Mark Twain once watched an ant traverse proximate points in the dirt via a round trip to the top of a dandelion (a transit he compared to “traveling from London to Paris by way of Strasbourg steeple”). This ant has nothing on the indirection in Bach’s cascade. The initial modulation from A major to the remote key of G-sharp major hits the Kyrie’s prevailingly calm tonality like an impossibly powerful gust; from a position just off the piece’s home port of F-sharp minor, we find ourselves instantaneously blown far out to sea. But as in the previous two cascades, a chain of dominant-to-tonic progressions ensues, serving now as a series of tonal tacks that bear us indirectly but steadily home:

The passage we’ve been considering is, of course, my abovementioned nominee for Bach’s greatest moment. What makes it stand out for me is the sheer number of interrelated ways in which it so brilliantly works.

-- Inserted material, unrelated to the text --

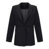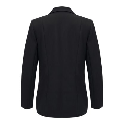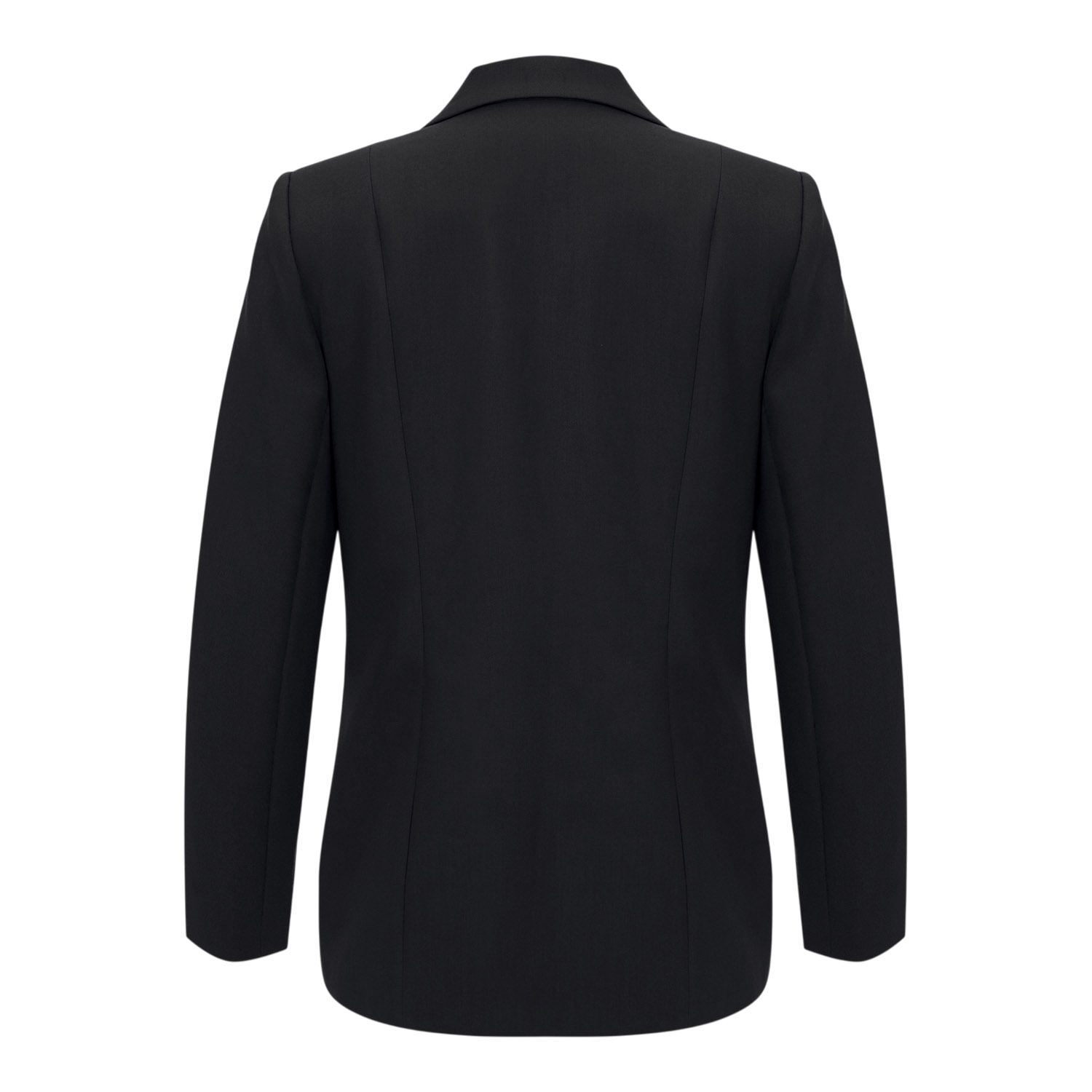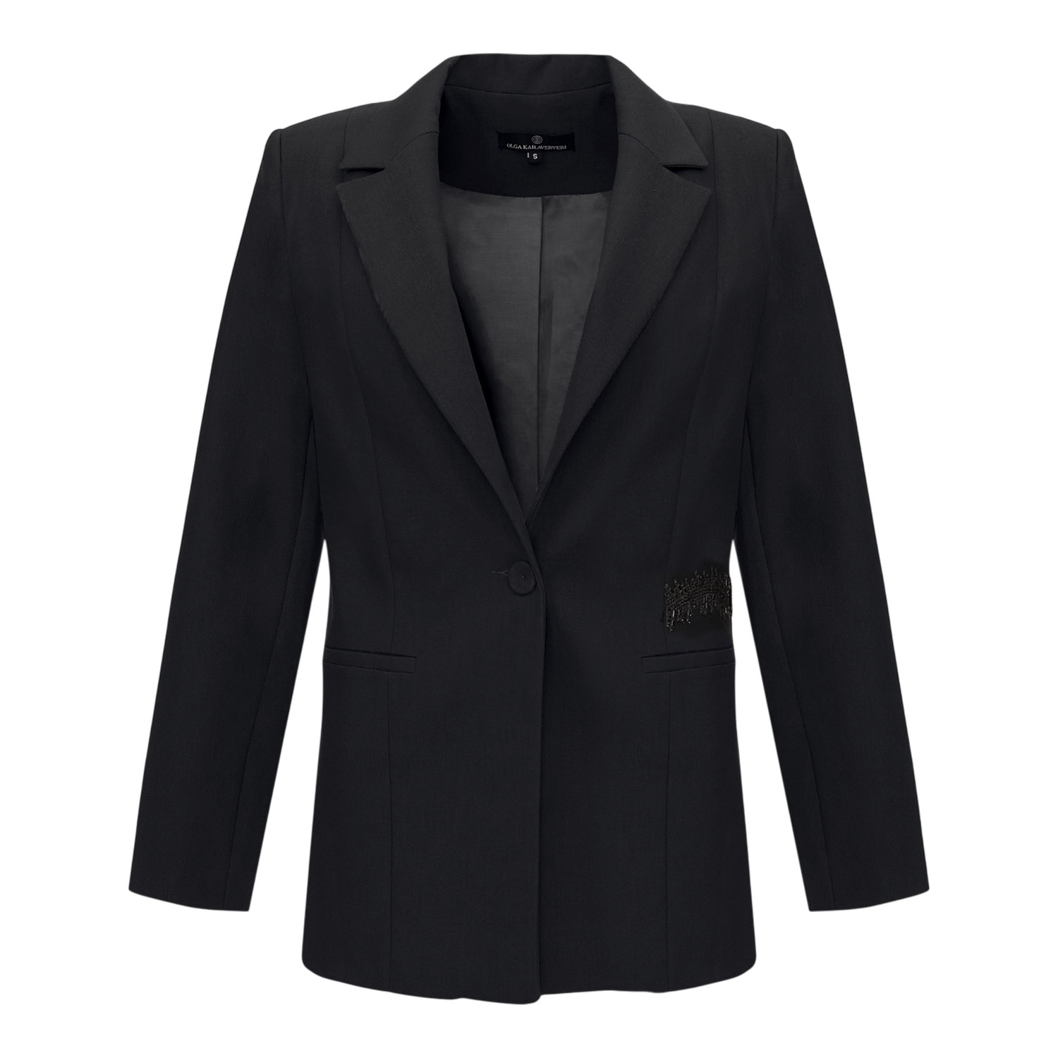 Elegant black blazer with a sharp silhouette and impeccable tailoring, exuding strength and modern femininity. Subtle detailing adds character, making it ideal for powerful looks from morning to evening.

There’s the cascade’s assumption of its optimal “waterfalls” form, the unparalleled height from which the cascade descends, the enormous (and syncopated) leap by which this height is attained, the inspired fusion of cascade motive and diminished third, the use of this fusion to power the stunning modulation from A major to G-sharp major, the structural stunningness of this modulation (given the proximity of A major to the Kyrie’s home key of F-sharp minor), and the use of the cadence-chain borrowed from the previous two cascades to tack tonally home in this one (a “navigational” adaptation as creatively inspired, in its way, as the fusion of diminished third and cascade motive). To consider so happy a confluence of so many elements is to wonder how it could ever have been brought about. Not that, as a statistical matter, the world won’t occasionally toss up instances of order so multifarious as to seem miraculous. But the tone-teeming world called Bach produced such seeming miracles on a considerably more regular basis.